Length of productive life (LPL) plays both an economic and animal welfare role in many pork production systems throughout the world (Serenius, Reference Serenius2004; Stalder et al., Reference Stalder, Knauer, Baas, Rothschild and Mabry2004). Thus, knowledge concerning factors that impact upon LPL is needed in order to improve LPL by changing management, mating systems, and/or breeding practices.
Previous literature has reported that sows with good leg conformation tend to remain in the herd longer when compared with sows having poor leg conformation (Yazdi et al., Reference Yazdi, Lundeheim, Rydhmer, Ringmar-Cederberg and Johansson2000a; Serenius and Stalder, Reference Serenius and Stalder2004). Similarly, litter size and age at first farrowing have been shown to be favourably associated with LPL (Tholen et al., Reference Tholen, Bunter, Hermesch and Graser1996b; Yazdi et al., Reference Yazdi, Rydhmer, Ringmar-Cederberg, Lundeheim and Johansson2000b; Serenius and Stalder, Reference Serenius and Stalder2004). In other words, the larger the litter size and lower age at first farrowing, the greater LPL has been in previously reported studies. On the contrary, litter size appeared not to be associated with LPL when culling for poor reproductive performance was not permitted in the Maternal Line National Genetic Evaluation Program study by the US National Pork Producers Council (NPPC) (Serenius et al., Reference Serenius, Stalder, Baas, Mabry, Goodwin, Johnson, Robison, Tokach and Miller2006b).
No clear consensus exists in the scientific literature regarding the association between LPL and other economically important production traits (daily gain, feed conversion ratio) and carcass composition (lean meat content and backfat thickness) traits. For example, Lopez-Serrano et al. (Reference López-Serrano, Reinsch, Looft and Kalm2000) found both average daily gain and backfat thickness were unfavourably genetically correlated with sow stayability (a measure of length of productive life or lifetime productivity). However, the associations were not as clear in a study reported by Yazdi et al. (Reference Yazdi, Rydhmer, Ringmar-Cederberg, Lundeheim and Johansson2000b).

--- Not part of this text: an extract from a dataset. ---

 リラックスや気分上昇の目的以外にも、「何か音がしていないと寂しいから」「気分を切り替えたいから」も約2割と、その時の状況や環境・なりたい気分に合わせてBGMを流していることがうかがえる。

Moreover, our earlier results have shown associations to be population dependent (Serenius and Stalder, Reference Serenius and Stalder2004; Serenius et al., Reference Serenius, Stalder, Baas, Mabry, Goodwin, Johnson, Robison, Tokach and Miller2006b). Previous studies have concentrated on different aspects of LPL and have been based on purebred populations, whereas most of the sows in commercial pork production are crossbred sows. Thus, in order to optimise management practices for crossbred populations, the associations should be estimated from crossbred populations. Additionally, production information from crossbred animals along with information from their purebred ancestors should be utilised to develop more accurate breeding values for longevity and other production traits where the performance of the crossbred animal is included in the breeding objectives.

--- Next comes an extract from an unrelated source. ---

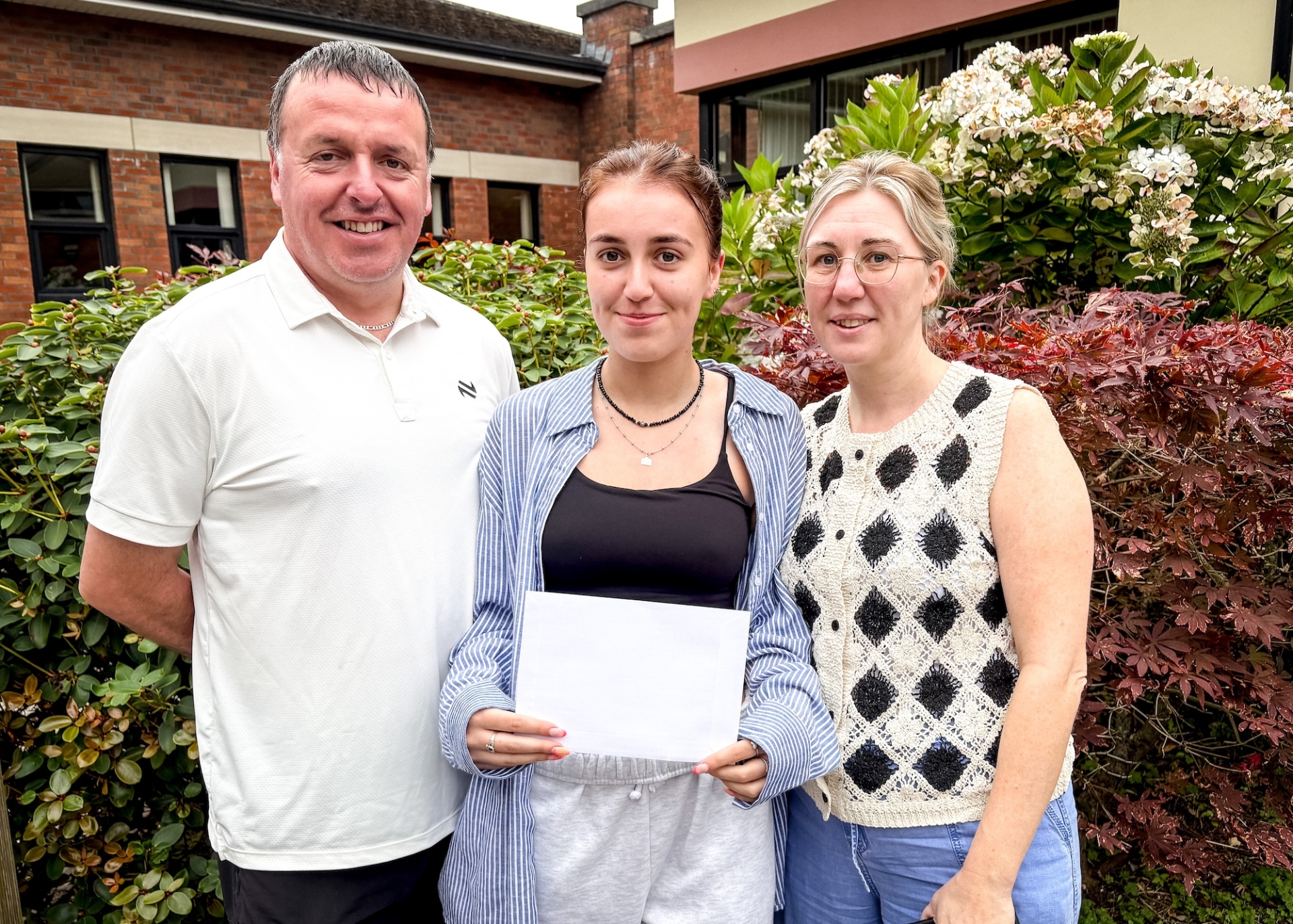 Bronagh O’Kane shares her A Level success with her parents in Thornhill College

The parity of the litter in which a female was born appears to impact her future performance. For example, Tummaruk et al. (Reference Tummaruk, Lundeheim, Einarsson and Dalin2001) found that sows originating from gilt litters had significantly longer wean-to-oestrus intervals when compared with sows born in fourth and fifth parity litters. Thus, the question arises whether crossbred sows used to in commercial piglet production systems should be selected from dams in their later parities? Similarly, it is not clear whether litter size in which a female was born impacts a sow's future LPL. The purpose of current study was to determine if the parity of the litter in which a female was born and the number of pigs within that same litter are associated with future LPL. An additional objective of the study was to examine the associations of leg conformation, age at first farrowing, litter size at first farrowing, and age and backfat thickness at 100 kg on LPL in the Finnish crossbred (Landrace × Large White or Large White × Landrace) population. Moreover, the additive genetic sire effect was included in the statistical model, so the relationship among animals was accounted for, and thus, heritability estimate for LPL was also estimated.
Material and methods
Data
Data from the Finnish litter recording and on-farm testing schemes were combined to evaluate the associations between age and backfat thickness at 100 kg live weight, parity of the litter in which a female was born, the number of pigs within that same litter (number weaned), age at first farrowing, litter size at first farrowing (number born alive) and leg conformation (leg soundness score) with sows' LPL (Table 1). LPL was defined as time (days) from first farrowing to culling and/or mortality or censoring (sow was still alive at the time of evaluation). Breeding advisors from FABA Breeding (Finnish Animal Breeding Association) scored all sows for leg soundness using a scale from one to five (1 = worst and 5 = best) as described by Serenius et al. (Reference Serenius, Sevón-Aimonen and Mäntysaari2001). Because of a low number of observations in classes one and five, class one records were combined with class two, and similarly class five records were combined with class four. Thus, a three-category soundness scoring system (1-2, 3, 4-5) was utilised in the current analysis. Backfat thickness was determined as an average of three ultrasound measures taken at approximately the last rib. Age and backfat thickness were adjusted to a constant weight (100 kg) as suggested by National Swine Improvement Federation (1996).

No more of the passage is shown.